Multi-state behavioral health platform – Independent Non-Executive Director
Type: Part Time
commensurate with experience
Telecommuting is allowed.
A private equity-backed multi-state behavioral health platform is searching for candidates for its Board of Directors. The position description is as follows:
The Company is a fast-growing mission-driven provider of in-home, community-based and school-based mental and behavioral healthcare, predominantly serving adolescents and young adults.
The Company specializes in delivering an innovative, outcomes-based continuum of care, including conduct disorder, family counseling, autism services, and medication management and is primarily reimbursed by Medicaid-funded payors.
The Company currently provides services in Tennessee, Virginia, Georgia, Alabama, North Carolina, Florida and Mississippi and has 1700+ employees.
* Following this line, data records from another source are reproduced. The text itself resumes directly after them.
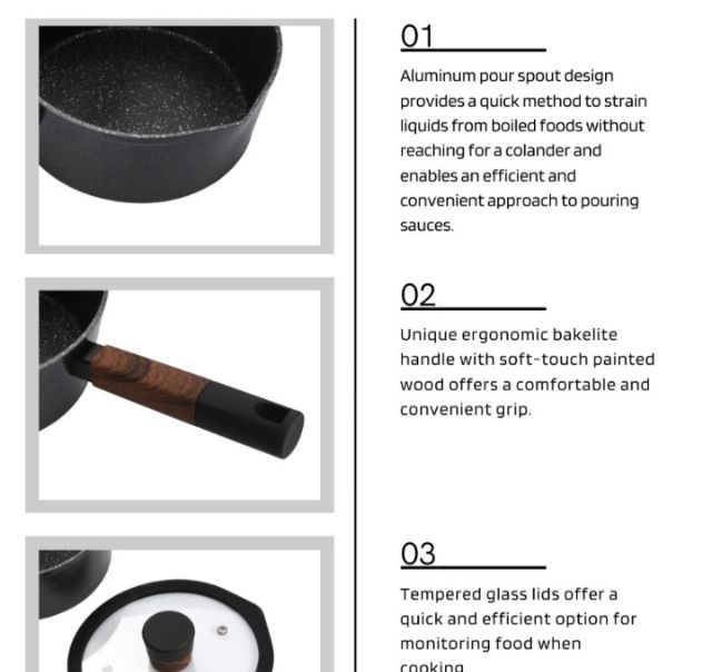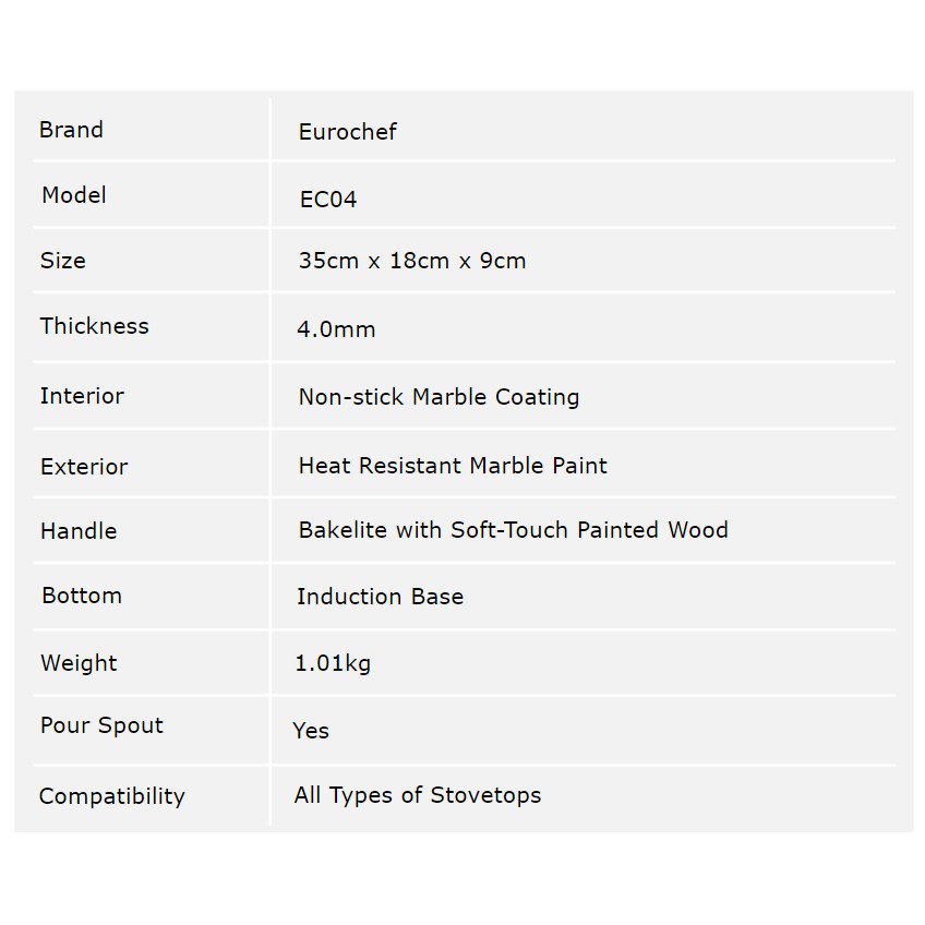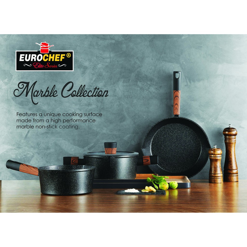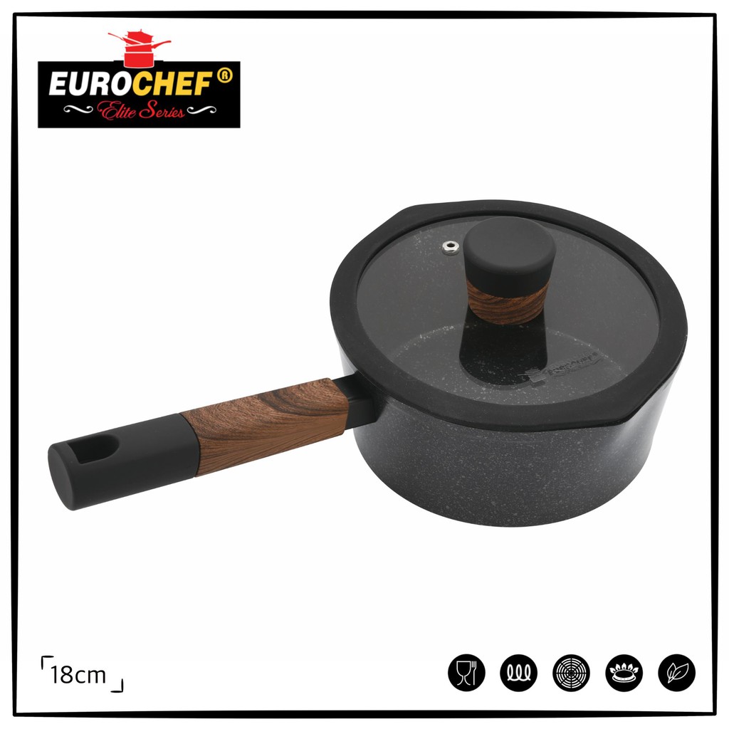 Eurochef 18cm Non-Stick Marble Sauce Pan Glass Lid Handle Aluminum Cookware Cooking Spout Pan EC04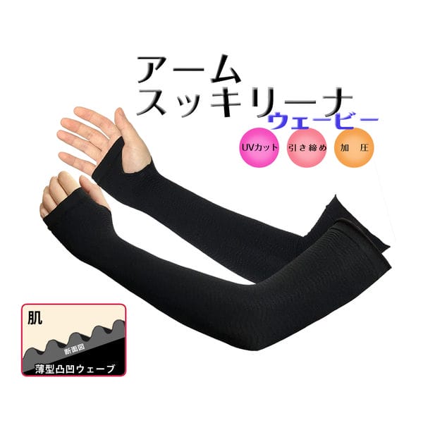 アームカバー アームシェイパー 二の腕 引き締め サポーター 加圧 腕 紫外線 UV カット 日焼け 防止 薄手 着圧 親指穴 ロング 【アームスッキリーナウェービー】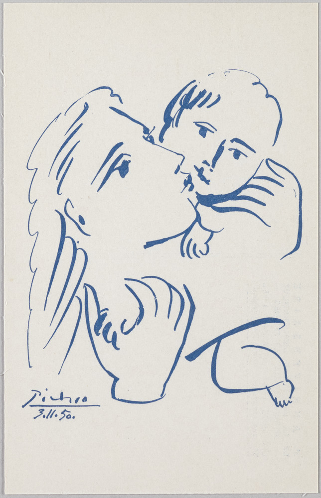 Avec un dessin à l'encre "Mère et son enfant" de Picasso daté du 3 novembre 1950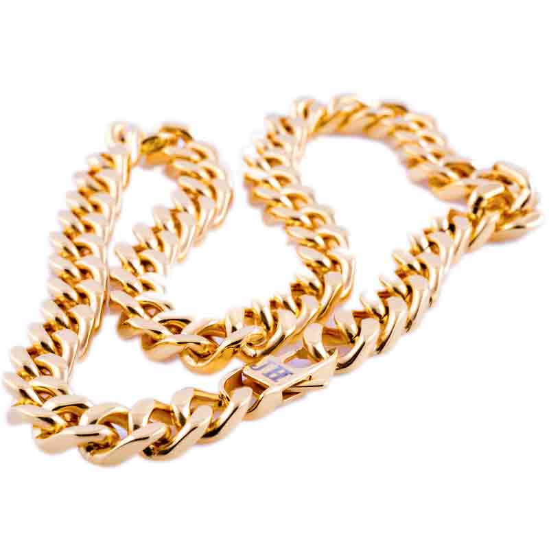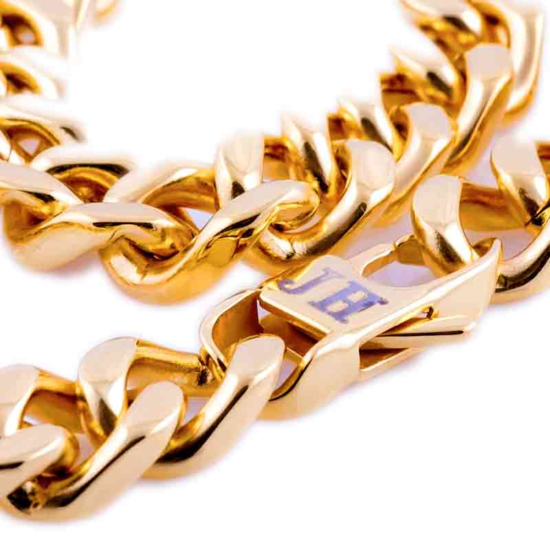 Pansarlänk i guldpläterat stål vilket ger ett halsband med bra tyngd och snygg look.

The Company is looking for an individual with deep financial experience to serve as a Financial Expert Independent Non- Executive Director on the Board of Directors.
The Company is a portfolio company of a NY-based minority-owned private equity firm with approximately $3 billion of AUM.
The incoming Independent Non-Executive Director will act independently to ensure that the interests of shareholders are protected in relation to regulatory and financial reporting and internal controls
The incoming Director will also chair the Audit Committee. The principal activities of the Audit Committee are to assist the Board’s oversight of (i) the integrity of the Company’s consolidated financial statements, (ii) the Company’s process for monitoring compliance with legal and regulatory requirements, (iii) the qualifications, independence and performance of the Company’s independent registered public accounting firm, (iv) the performance of the Company’s internal audit function, and (v) the Company’s system of internal controls.
The Chair of the Audit Committee will be responsible for the management, development and effective performance of the Audit Committee in all aspects of its work.
The Chair of the Audit Committee will also create and manage effective working relationships amongst the other Committee members, the financial and senior management of the Company, and the Company’s independent registered public accounting firm and external auditors, and the Company’s internal audit function and provide independent oversight and constructive challenge where appropriate.
The incoming Director will also contribute to the Board agenda, including supporting the business strategy, ensuring appropriate risk management and use of resources and monitoring performance.
The successful candidate will bring strong and in-depth financial oversight experience. This experience could have been gained in a CFO role or a senior financial leadership role in a commercial organization, in public accounting or as a non-executive director on the audit committees of other boards.
Candidates will be able to demonstrate a commercial mindset and ability to contribute to the Board discussions beyond the technical requirements of the Audit Committee Chair role.
Prior experience in healthcare services is preferred but not required. Attractive healthcare services backgrounds may include behavioral health, home health, hospice, dialysis, ambulatory surgery, outpatient rehabilitation, or other relevant multi-state, multi-site, dispersed healthcare service businesses.